Benjamin Matlack Everhart
Benjamin Matlack Everhart (born near West Chester, Pennsylvania, 24 April 1818; died in West Chester, 22 September 1904) was a United States mycologist.
Biography
His father, William Everhart, the son of a Revolutionary soldier, was a merchant, and a member of congress in 1853-55. Benjamin was educated in private schools in West Chester, and spent his early life in mercantile business there and in Charleston, South Carolina, making a comfortable fortune.
From boyhood, he was an ardent student of botany, and after retiring from business in 1867 he devoted himself almost entirely to that science, particularly to cryptogamic botany. In connection with J. B. Ellis, of New Jersey, he was active in issuing yearly fifty volumes, called The Century of North American Fungi, each volume describing 100 species. At the same time, with William A. Kellerman, of Kansas, they published the Journal of Mycology.
He discovered many new fungi.

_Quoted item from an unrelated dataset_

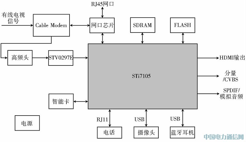 STi7105 高清机顶盒终端是一款完全符合DVBC标准的有线高清数字双向机顶盒,采用单片解码芯片STi7105 (ST40 CPU@450MHz 32K I 32K DCache),并配置64M FLASH 和256M SDRAM;内置Cable Modem 电路板,HFC 网络传来的有线数字电视信号先接入Cable Modem 电路板, 再环出接入STi7105 主电路板;双路网络RJ45 接口,一路为外置接口,一路接Cable Modem;双路USB2.0 高速接口,高清输出支持HDMI、YPbPr 高清接口,音频支持Dolby5.1 声道数字音频输出及PCM 解码输出,可以支持内置SATA 硬盘实现多媒体数据的本地录制播放时移,实现真正的家庭影院效果,同时支持网络下载上传业务,为用户提供全面的数字音视频增值服务。外接摄像头、电话机或者蓝牙耳机用于实现视频通话。结构示意图如图3 所示。

The genus Everhartia was named for him, as well as the following species:
- Everhartia hymenuloides Sacc. et Ellis
- Melanconis Everhartii Ellis
- Myrioccoccum Everhartii Ellis & Sacc.
- Ophionectria Everhartii Ellis & Gal.
- Mucronoporus Everhartii Ellis & Gal.
- Pestalozzia Everhartii Sacc. & Syd.
- Sorosporium Everhartii Ellis & Gal.
- Dothiorella Everhartii Sacc. & Syd.
- Gloeosporium Everhartii Sacc. & Syd.
- Myxosporium Everhartii Sacc. & Syd.
- Phyllosticta Everhartii Sacc. & Syd.
- Physalospora Everhartii Sacc. & Syd.
- Septoria Everhartii Sacc. & Syd.
Family
His brother James Bowen Everhart was a member of congress.
Notes
References
- "Benjamin Matlack Everhart". Journal of Mycology 10: 225. September 1904.
- Attribution
- This article incorporates text from a publication now in the public domain: Wilson, James Grant; Fiske, John, eds. (1900). "Everhart, Benjamin Matlack". Appletons' Cyclopædia of American Biography. New York: D. Appleton.